Qui peut en bénéficier
?
Le congé de paternité est ouvert à l'ensemble
des actifs, qu'ils soient travailleurs salariés, chômeurs
indemnisés, fonctionnaires, militaires, travailleurs
indépendants, conjoints collaborateurs ou employeurs.
L'intéressé doit toutefois en premier lieu
justifier de 10 mois d'immatriculaton en tant qu'assuré
social à la date du début du congé. Il
doit également :
- avoir travaillé au moins 200 heures au cours des
3 mois précédant la date du début du
congé de paternité,
- ou avoir cotisé sur un salaire au moins égal
à 1 015 fois le SMIC horaire au cours des 6 mois
précédant la date du début du congé
de paternité.
A quelle occasion ?
Le congé de paternité est accordé au
père à l'occasion de la naissance de son enfant.
Le lien de filiation devra donc bien évidemment être
justifié.
L'adoption étant considérée dans notre
droit de la même manière qu'une naissance, elle
ouvre également droit au congé de paternité.
Le père doit prendre son congé dans les 4 mois
à compter de la naissance de l'enfant.
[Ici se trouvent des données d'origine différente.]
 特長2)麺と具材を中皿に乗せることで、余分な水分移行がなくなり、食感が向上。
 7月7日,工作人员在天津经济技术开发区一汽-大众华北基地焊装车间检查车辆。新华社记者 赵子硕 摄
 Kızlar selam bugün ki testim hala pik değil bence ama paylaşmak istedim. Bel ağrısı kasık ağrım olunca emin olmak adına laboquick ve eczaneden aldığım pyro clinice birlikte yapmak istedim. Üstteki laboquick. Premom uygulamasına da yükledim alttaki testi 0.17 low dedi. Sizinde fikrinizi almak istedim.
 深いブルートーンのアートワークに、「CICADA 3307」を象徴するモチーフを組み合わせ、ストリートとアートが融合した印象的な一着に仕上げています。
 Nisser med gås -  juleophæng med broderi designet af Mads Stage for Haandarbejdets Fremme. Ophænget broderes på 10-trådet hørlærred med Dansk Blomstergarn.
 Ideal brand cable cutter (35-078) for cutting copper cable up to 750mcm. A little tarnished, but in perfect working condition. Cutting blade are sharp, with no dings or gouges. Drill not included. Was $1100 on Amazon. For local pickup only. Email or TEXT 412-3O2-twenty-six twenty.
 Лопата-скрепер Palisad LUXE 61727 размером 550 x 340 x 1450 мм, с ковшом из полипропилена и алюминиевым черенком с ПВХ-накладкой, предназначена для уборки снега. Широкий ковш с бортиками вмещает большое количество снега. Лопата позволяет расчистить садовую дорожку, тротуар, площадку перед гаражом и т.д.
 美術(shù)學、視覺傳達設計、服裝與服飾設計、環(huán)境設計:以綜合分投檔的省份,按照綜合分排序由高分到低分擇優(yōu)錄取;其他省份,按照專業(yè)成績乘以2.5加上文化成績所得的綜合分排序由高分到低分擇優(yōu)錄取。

Bien sûr,
ce congé peut être pris dans à la suite
des 3 jours légaux.
En cas d'hospitalisation de l'enfant, le délai de
4 mois court à partir de son retour au foyer.
Quelles formalités ?
L'employeur ne peut pas refuser la demande d'un congé
de paternité. Cela étant, le salarié
doit bien évidemment l'en informer par écrit.
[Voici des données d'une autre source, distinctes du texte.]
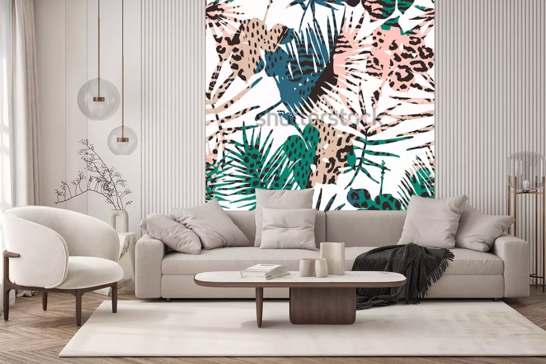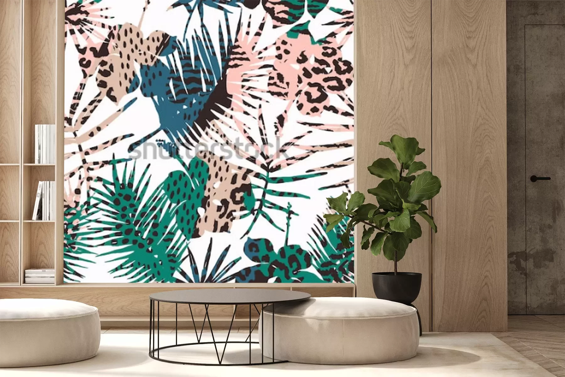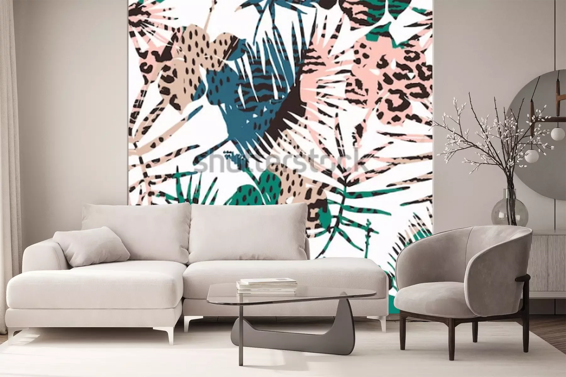 Sticker  Tendance motif exotique sans soudure avec paume, imprimés animaliers et textures dessinées à la main. Illustration vectorielle Design abstrait pour papier, papier peint, couverture, tissu, déc
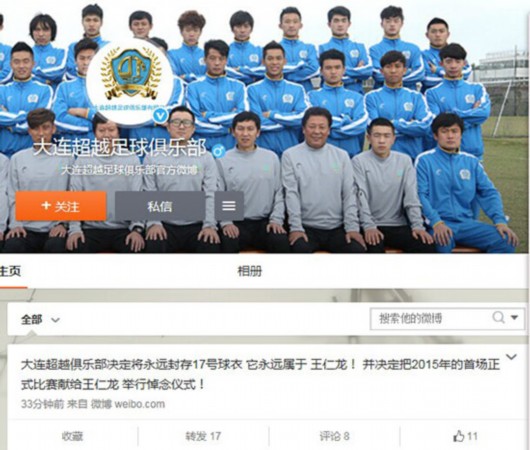 今天,大连超越官方宣布:“俱乐部决定将永远封存17号球衣,它永远属于王仁龙! 并决定把2015年的首场正式比赛献给王仁龙举行悼念仪式”!
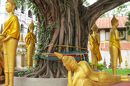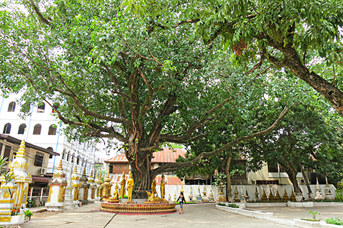 境内の奥に大きく枝を張った木が一本、菩提樹か? 幹の周囲を金色の仏像が囲んでいる。
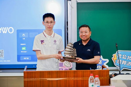 今年恰逢国际经济贸易系建系40周年,系友们精心了准备一份特殊的礼物——一尊黄铜帆船摆件,寓意着“扬帆起航再出发”,祝愿国经贸系在时代浪潮中奋勇前行,书写更多辉煌篇章。彭支伟主任郑重接过礼物,对系友们的心意表示由衷感谢。
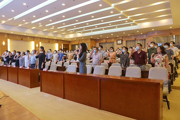 由五四青年先锋、优秀女教工、全国十佳科普使者、化材学院韩晓乐老师领誓,全体新进教职工和与会人员庄严宣誓,表达了忠诚党的教育事业的决心与信心。会上,新进教师代表还提交了廉洁从教承诺书。
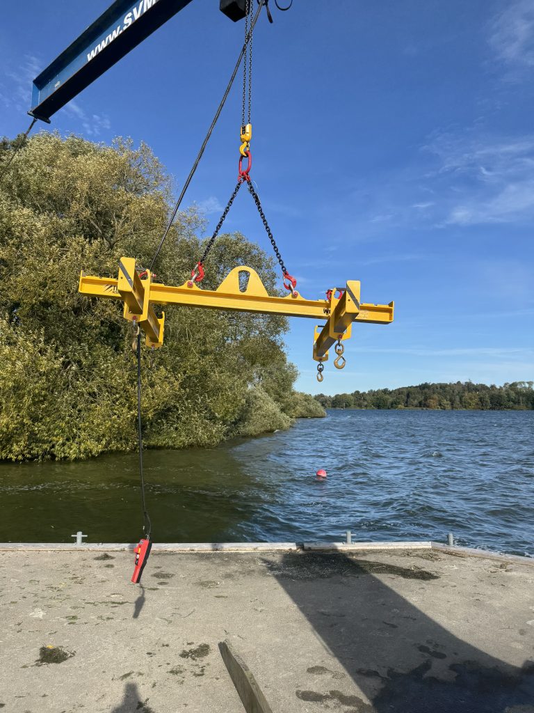 letzte Woche wurde die Traverse ausgetauscht. Seitdem haben wir eine Traverse für unseren Kran, bei der die Breite angepasst werden kann, um Boote schonender zu kranen.
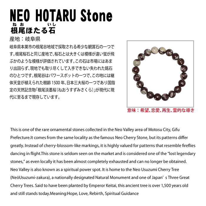 根尾ほたる石 10mm ブレスレット 岐阜県産 NEO HOTARU Stone 希少 本巣市 根尾谷 日本銘石 天然石 パワーストーン カラーストーン
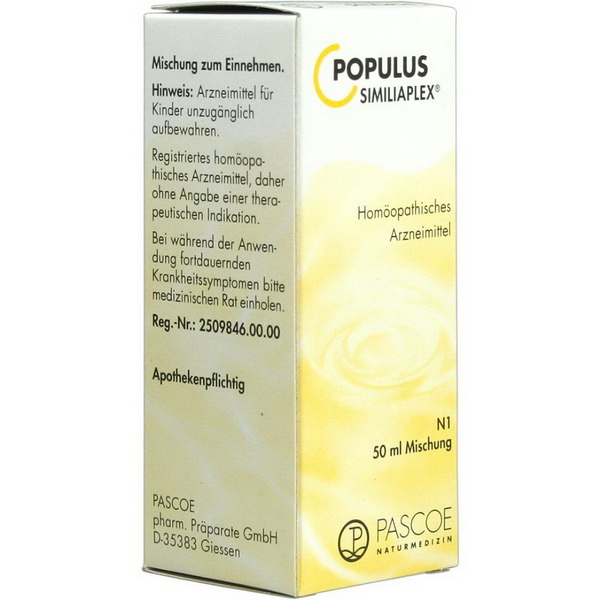 POPULUS Similiaplex® ist ein registriertes homöopathisches Arzneimittel, daher ohne Angabe einer therapeutischen Indikation. Bei während der Anwendung fortdauernden Krankheitssymptomen bitte medizinischen Rat einholen.

Certaines entreprises peuvent demander expressément
l'envoi d'une lettre recommandée avec accusé
de réception. En outre, le salarié doit respecter
un préavis d'un mois avant le début du congé.
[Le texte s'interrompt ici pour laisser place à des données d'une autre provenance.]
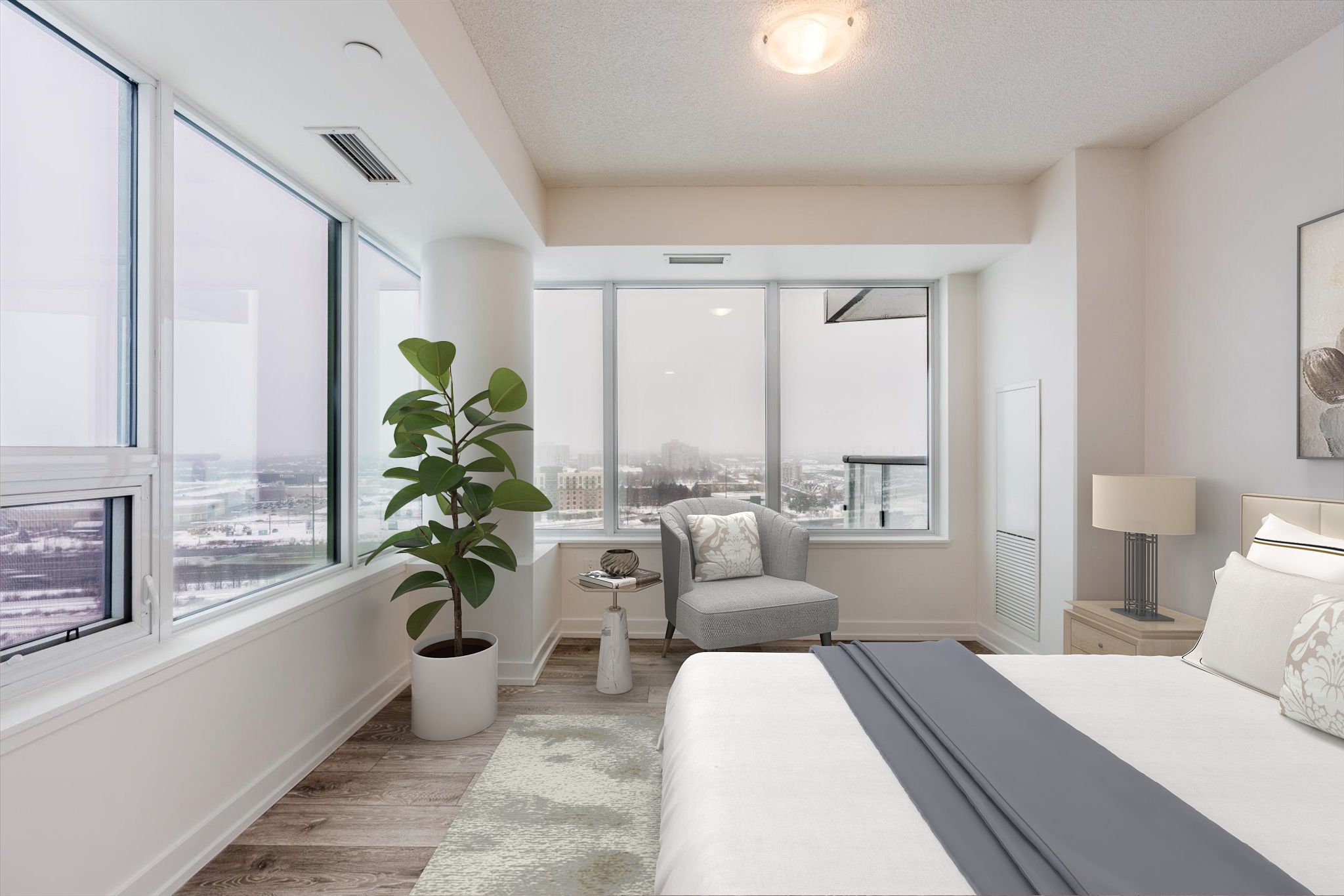• Freshly painted corner suite with clear views and abundant natural light.
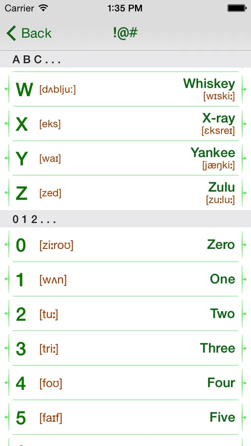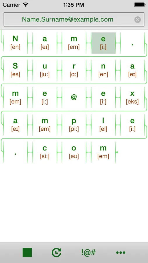 Spell in english letters, numbers, signs and characters. Type an e-mail, name or somthing else and it will be spelled. An application supports:
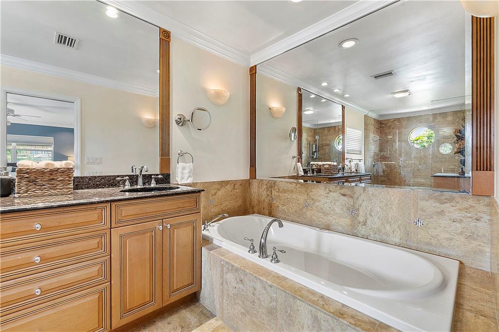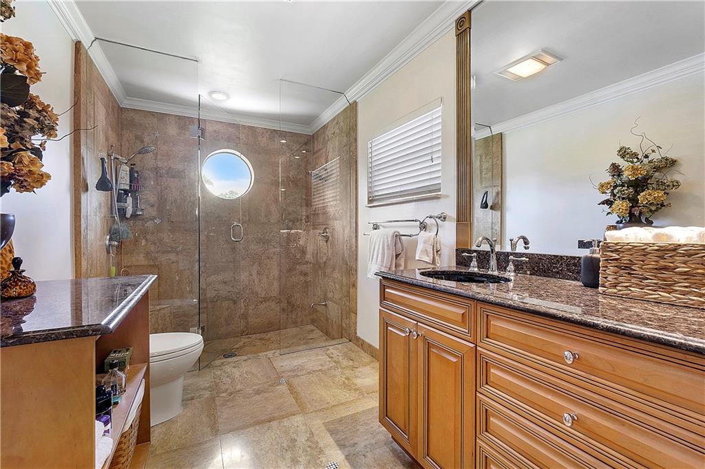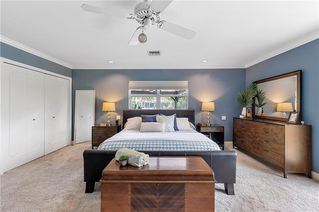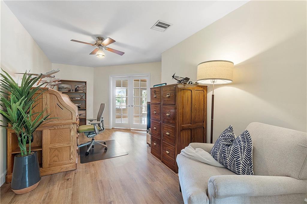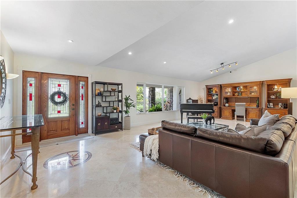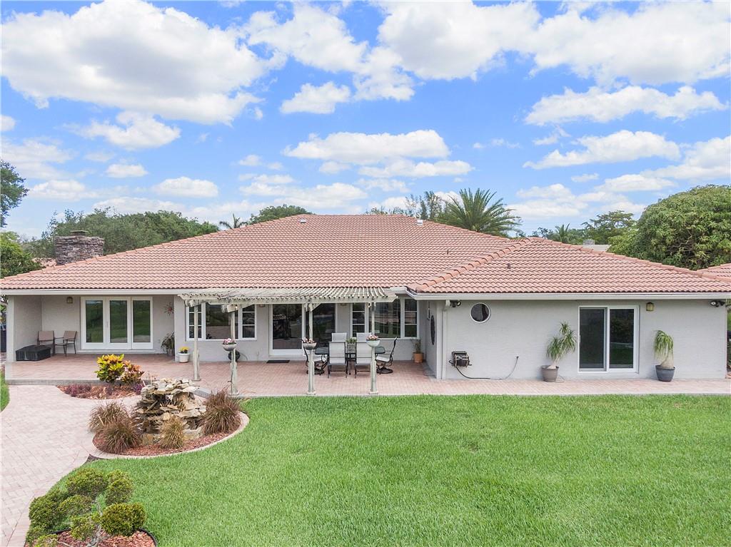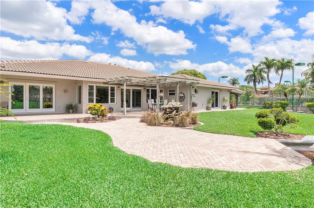 Waterfront estate sits on 1.5 Acres in no HOA community- private tennis court! Impact windows & hip roof for optimal insurance savings, gourmet kitchen with adjoining Sunroom, & an office that can serve as a den or 5th bedroom. Remaining bedrooms stacked away from common areas- with 2 guestrooms, positioned at the front of the home, and sharing a Jack & Jill bathroom. Cabana bathroom leads out to a shaded gazebo, fruit trees, & private tennis court; it flanks a 3rd guestroom. The primary bedroom offers water views & ample closets. The primary bathroom boast a double vanity, large shower, & separate soaking tub. The backyard is fenced, allowing easy enjoyment of the manicured grounds. Whether kayaking the lake, lounging poolside, or hosting sunset parties this property is sure to "Wow!"
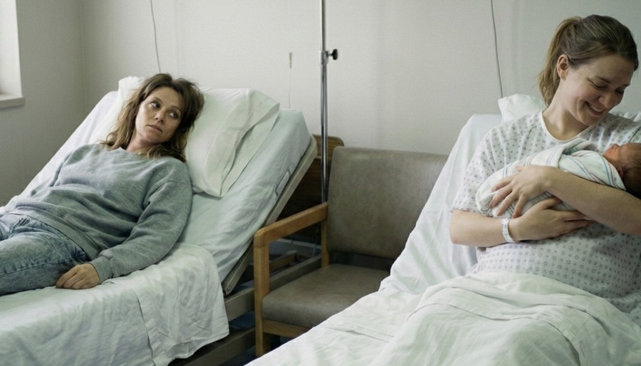 産後の病室で窓際のベッドに横たわっていたエレンは、隣のベッドには若い母親が赤ん坊を抱いている様子を見つめていました。自分の赤ん坊は新生児室に隔離されており、DNA鑑定の結果が出るまで面会は許されていません。エレンは天井を見つめながら、白い天井と蛍光灯の光だけを眺めていました。隣のベッドから笑い声が聞こえ、家族が訪れたのでしょう。エレンには誰も来ません。そして4日後、運命の結果が告げられます。

Si le salarié anticipe mal le début de son
congé en fonction de la date prévue de naissance,
il doit négocier avec son employeur les possibilités
pour décaler son absence.
De son côté, l'employeur informe la caisse d'assurance
maladie de la demande de congé en remplissant notamment
une attestation de salaire. Le salarié, ou l'employeur
au moment de la remise de cette attestation, devra justifier
de la filiation avec l'enfant au moyen de la copie de l'acte
de naissance ou du livret de famille mis à jour.
Quelle durée ?
La durée du congé est de 11 jours maximum non
fractionnables, soit donc 14 jours, congé légal
inclus. Tous les jours calendaires sont comptés (samedis,
dimanches et jours de fête).
En cas de naissances multiples, le congé est de 18
jours.
Quelle indemnité ?
Pendant le congé, le père perçoit une
indemnité journalière en remplacement de son
salaire, qui est versée par la caisse d'assurance maladie.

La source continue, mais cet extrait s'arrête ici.